Presidential Chief of Staff Ahmed Ouyahia, who heads the National Rally for Democracy political party, warned that Algeria would suffer in the near future if it were unable to get its act together on the economy.
“If we fail to strengthen the econ­omy we risk finding ourselves un­der the yoke of the [International Monetary Fund] IMF by 2024-25 and we will then come under the chainsaw,” he said.
Reforms that might shock people were needed in the context of the crisis, he added.
Algeria cut imports this year but official figures show that the change was not substantial, with it slowing 0.9% to $19.7 billion in the first five months of this year. This is mostly due to Algeria’s reliance on food im­ports, which cannot be reduced.
Algerian experts say the coun­try’s dire economic outlook has pushed the government into under­taking painful reforms.
“(Algeria’s) main economic indi­cators are bad, including its budg­et, trade deficit, unemployment and inflation,” said financial ana­lyst Mohamed Gouali, who noted that the country’s growth forecast slowed from 4.2% in 2016 to 1.4% this year and to 0.6% in 2018.
“With such low rates of growth, there is no prospect for oil prices to rise to more than $55 per barrel un­less there is war in the Gulf region,” he said. “I add that Algeria is in the second year of its five-year plan to diversify the economy with no sub­stantial progress.”
Tebboune said Algeria’s foreign currency reserves total $114 billion, down from $122 billion at the end of 2016. The World Bank expects the reserves to fall to $60 billion in 2018.
Rachid Sekak, a former director of the debt department at Algeria’s Central Bank, said: “The country needs the equivalent of $20 bil­lion-$25 billion to plug the deficit each year. Where will this money come from? The situation could worsen if oil prices were to decline on the world market.”
Economist Ali Bahmane said that declining oil revenue has rendered the state’s efforts to ensure social stability by providing a comprehen­sive subsidy system and welfare programme “out of date.”

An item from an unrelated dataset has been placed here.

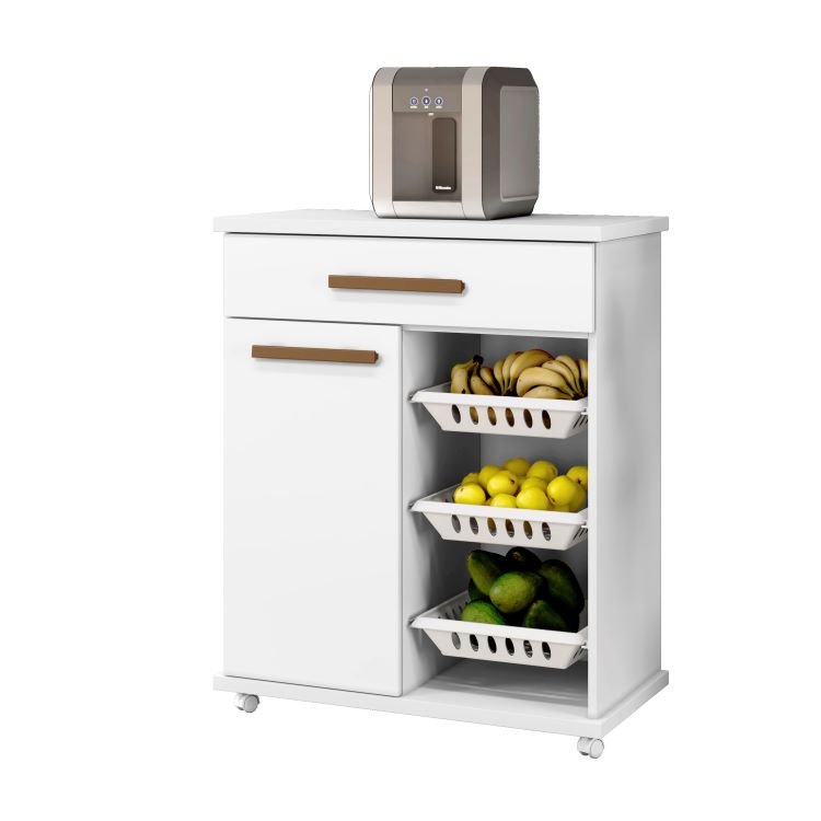 Fruteira Goiania, Côr Branco, da Arte Móveis, Meidas: Alt 0,88m Larg 0,73m Prof 0,39m Peso 27,6Kg – 2 Vo0lumes – Estrutura 100% MDP de 15mm, com Tampo e Base em MDF 25mm, 1 Porta de Bater com Dobradiças Metálicas, 1 Gaveta com Corrediças Telescópicas, Puxadores de MDF, Prateleira Interna, 3 Cestas Pásticas com Corrediças Plásticas e Rodízios Plásticos. Acabamento em Pintura UV Semi-Brilho.

“All of this had robbed Algeria of the opportunity to build a produc­tive economy that can cushion the impact of falling oil prices and the repercussions of the return of a de­mographic boom,” Bahmane said.
Experts said the government was likely to start the reforms by trim­ming subsidies on petroleum prod­ucts, electricity and gas, which to­gether account for approximately $15.3 billion, 72% of which benefit the wealthy.